What to work on
Please repeat only the lines below starting at the line that holds "This vibrant, color-coded" and ending at the line that holds "近日,中國輕工業(yè)工程", exactly, with both of those lines included and every picture omitted.

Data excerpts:
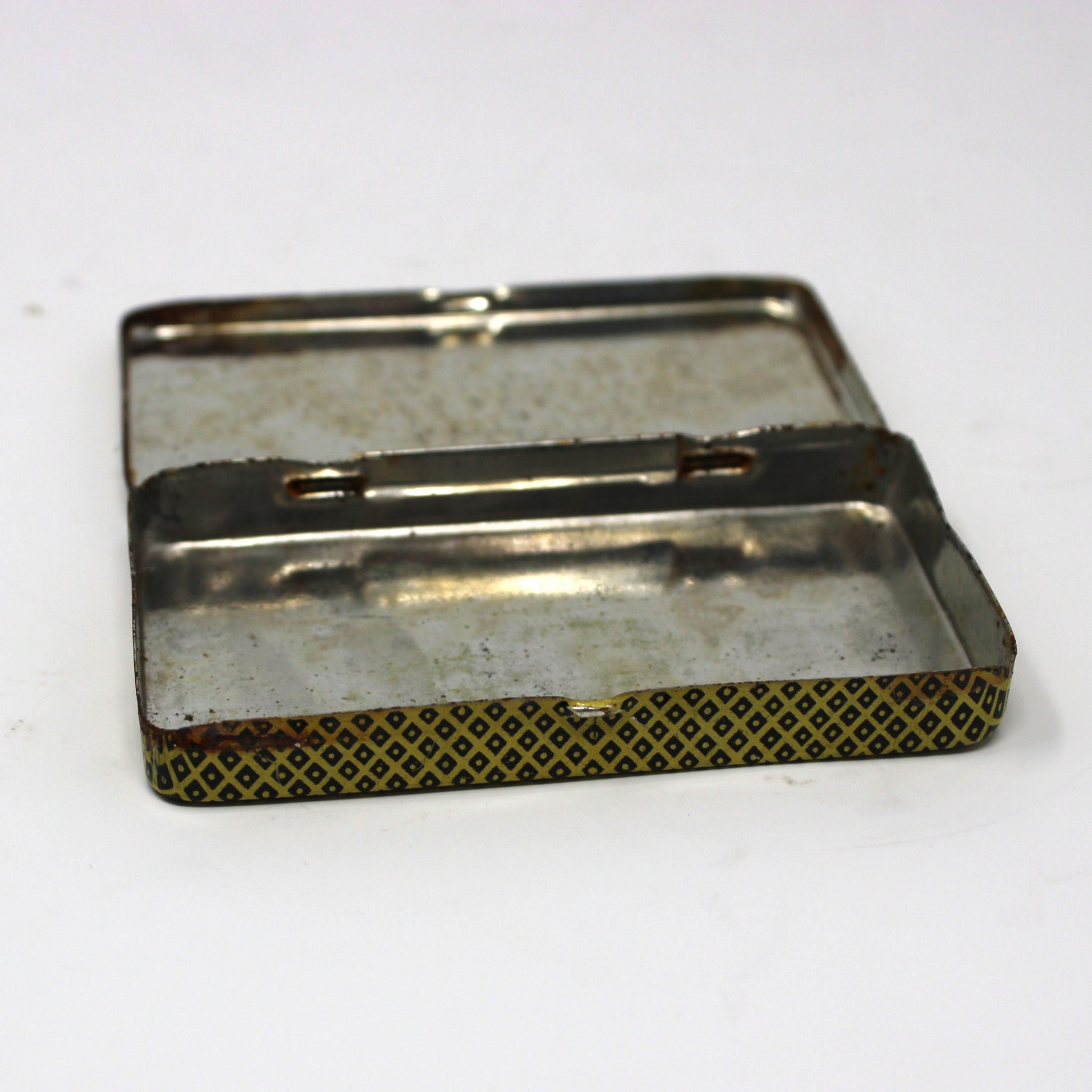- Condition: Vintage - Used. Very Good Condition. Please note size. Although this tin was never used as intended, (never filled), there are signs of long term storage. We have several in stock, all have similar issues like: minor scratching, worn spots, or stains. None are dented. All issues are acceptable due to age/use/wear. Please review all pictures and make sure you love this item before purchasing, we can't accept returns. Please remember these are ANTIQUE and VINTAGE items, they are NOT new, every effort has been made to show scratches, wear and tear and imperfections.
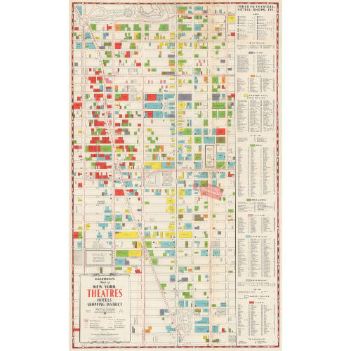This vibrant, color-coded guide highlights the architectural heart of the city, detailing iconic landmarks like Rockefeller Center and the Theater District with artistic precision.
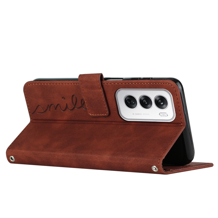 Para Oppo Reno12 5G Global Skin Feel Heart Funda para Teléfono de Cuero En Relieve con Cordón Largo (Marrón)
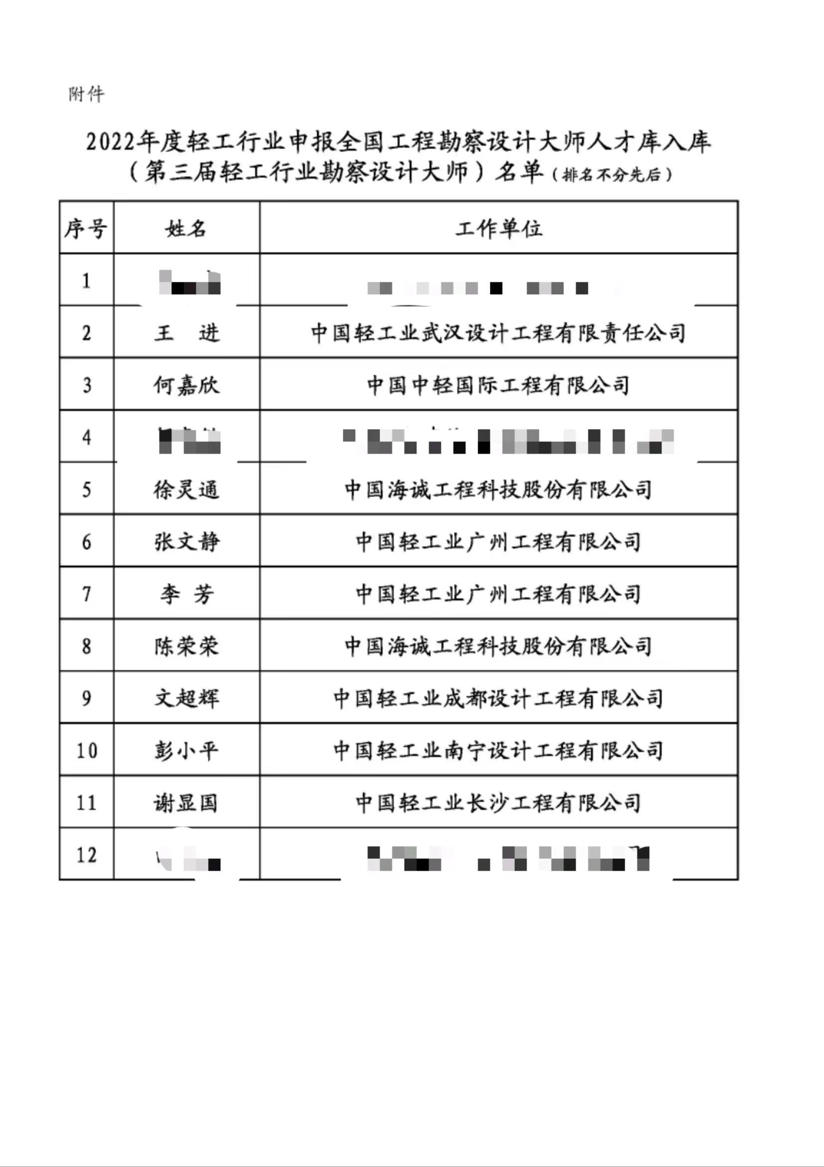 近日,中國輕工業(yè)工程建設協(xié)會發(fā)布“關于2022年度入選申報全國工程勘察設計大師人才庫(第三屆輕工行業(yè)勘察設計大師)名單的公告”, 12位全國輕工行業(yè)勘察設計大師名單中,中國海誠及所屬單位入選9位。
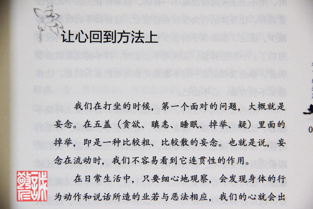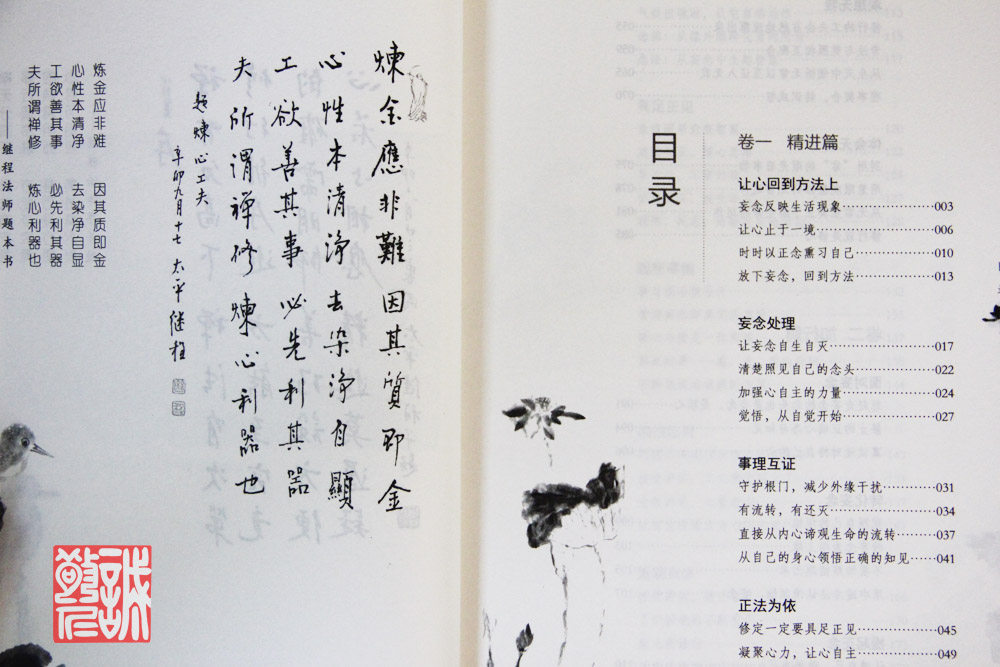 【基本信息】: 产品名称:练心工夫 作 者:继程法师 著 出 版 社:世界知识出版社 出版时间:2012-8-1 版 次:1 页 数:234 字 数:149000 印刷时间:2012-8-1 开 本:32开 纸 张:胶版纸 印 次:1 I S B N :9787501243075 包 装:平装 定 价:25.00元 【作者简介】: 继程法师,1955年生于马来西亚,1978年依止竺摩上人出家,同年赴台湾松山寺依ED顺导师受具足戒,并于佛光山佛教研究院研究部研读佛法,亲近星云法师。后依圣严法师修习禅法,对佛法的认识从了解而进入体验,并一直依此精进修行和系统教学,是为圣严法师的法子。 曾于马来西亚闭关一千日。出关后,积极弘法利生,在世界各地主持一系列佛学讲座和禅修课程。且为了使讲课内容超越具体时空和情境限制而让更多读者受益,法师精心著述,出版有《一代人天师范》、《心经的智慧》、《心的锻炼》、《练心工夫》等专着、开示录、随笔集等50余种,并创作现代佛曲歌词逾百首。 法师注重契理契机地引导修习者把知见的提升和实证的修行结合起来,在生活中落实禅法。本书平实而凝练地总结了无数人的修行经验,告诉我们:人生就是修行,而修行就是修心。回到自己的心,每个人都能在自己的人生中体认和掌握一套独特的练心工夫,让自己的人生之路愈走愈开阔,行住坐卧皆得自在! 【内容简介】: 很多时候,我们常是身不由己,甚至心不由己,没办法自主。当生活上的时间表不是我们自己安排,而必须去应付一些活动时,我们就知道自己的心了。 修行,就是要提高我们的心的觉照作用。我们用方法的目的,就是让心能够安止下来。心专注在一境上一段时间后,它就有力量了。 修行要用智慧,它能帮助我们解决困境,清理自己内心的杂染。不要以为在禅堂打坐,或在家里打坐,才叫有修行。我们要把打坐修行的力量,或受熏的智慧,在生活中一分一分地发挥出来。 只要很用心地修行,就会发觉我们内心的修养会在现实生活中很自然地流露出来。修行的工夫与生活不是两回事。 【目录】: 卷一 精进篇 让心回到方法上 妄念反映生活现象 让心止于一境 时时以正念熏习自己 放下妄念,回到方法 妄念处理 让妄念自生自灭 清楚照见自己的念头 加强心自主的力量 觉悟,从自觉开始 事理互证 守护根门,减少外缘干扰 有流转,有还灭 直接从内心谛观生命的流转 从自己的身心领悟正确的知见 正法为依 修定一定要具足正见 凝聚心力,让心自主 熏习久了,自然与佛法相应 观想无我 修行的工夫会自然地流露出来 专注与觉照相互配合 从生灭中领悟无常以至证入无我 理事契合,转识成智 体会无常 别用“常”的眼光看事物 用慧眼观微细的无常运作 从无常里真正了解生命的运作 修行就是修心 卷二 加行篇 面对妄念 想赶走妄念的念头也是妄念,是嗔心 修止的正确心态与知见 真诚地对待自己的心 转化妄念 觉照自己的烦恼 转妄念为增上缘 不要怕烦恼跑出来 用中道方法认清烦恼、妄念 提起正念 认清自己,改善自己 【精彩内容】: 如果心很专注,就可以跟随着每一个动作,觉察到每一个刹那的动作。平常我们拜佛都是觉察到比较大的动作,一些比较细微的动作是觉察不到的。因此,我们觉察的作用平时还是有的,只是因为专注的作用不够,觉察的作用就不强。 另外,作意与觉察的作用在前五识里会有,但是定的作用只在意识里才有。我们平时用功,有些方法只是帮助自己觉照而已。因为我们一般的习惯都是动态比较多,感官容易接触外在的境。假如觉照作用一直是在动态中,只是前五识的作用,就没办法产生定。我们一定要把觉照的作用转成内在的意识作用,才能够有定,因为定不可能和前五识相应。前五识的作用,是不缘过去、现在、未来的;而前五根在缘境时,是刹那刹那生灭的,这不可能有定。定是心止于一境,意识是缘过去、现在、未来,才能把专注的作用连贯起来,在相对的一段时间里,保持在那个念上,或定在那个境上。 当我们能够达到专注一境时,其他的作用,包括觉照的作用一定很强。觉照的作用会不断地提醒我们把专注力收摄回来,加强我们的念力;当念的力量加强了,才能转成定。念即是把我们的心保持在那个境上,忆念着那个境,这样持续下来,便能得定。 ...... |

Answer to this problem
This vibrant, color-coded guide highlights the architectural heart of the city, detailing iconic landmarks like Rockefeller Center and the Theater District with artistic precision.
 Para Oppo Reno12 5G Global Skin Feel Heart Funda para Teléfono de Cuero En Relieve con Cordón Largo (Marrón)
 近日,中國輕工業(yè)工程建設協(xié)會發(fā)布“關于2022年度入選申報全國工程勘察設計大師人才庫(第三屆輕工行業(yè)勘察設計大師)名單的公告”, 12位全國輕工行業(yè)勘察設計大師名單中,中國海誠及所屬單位入選9位。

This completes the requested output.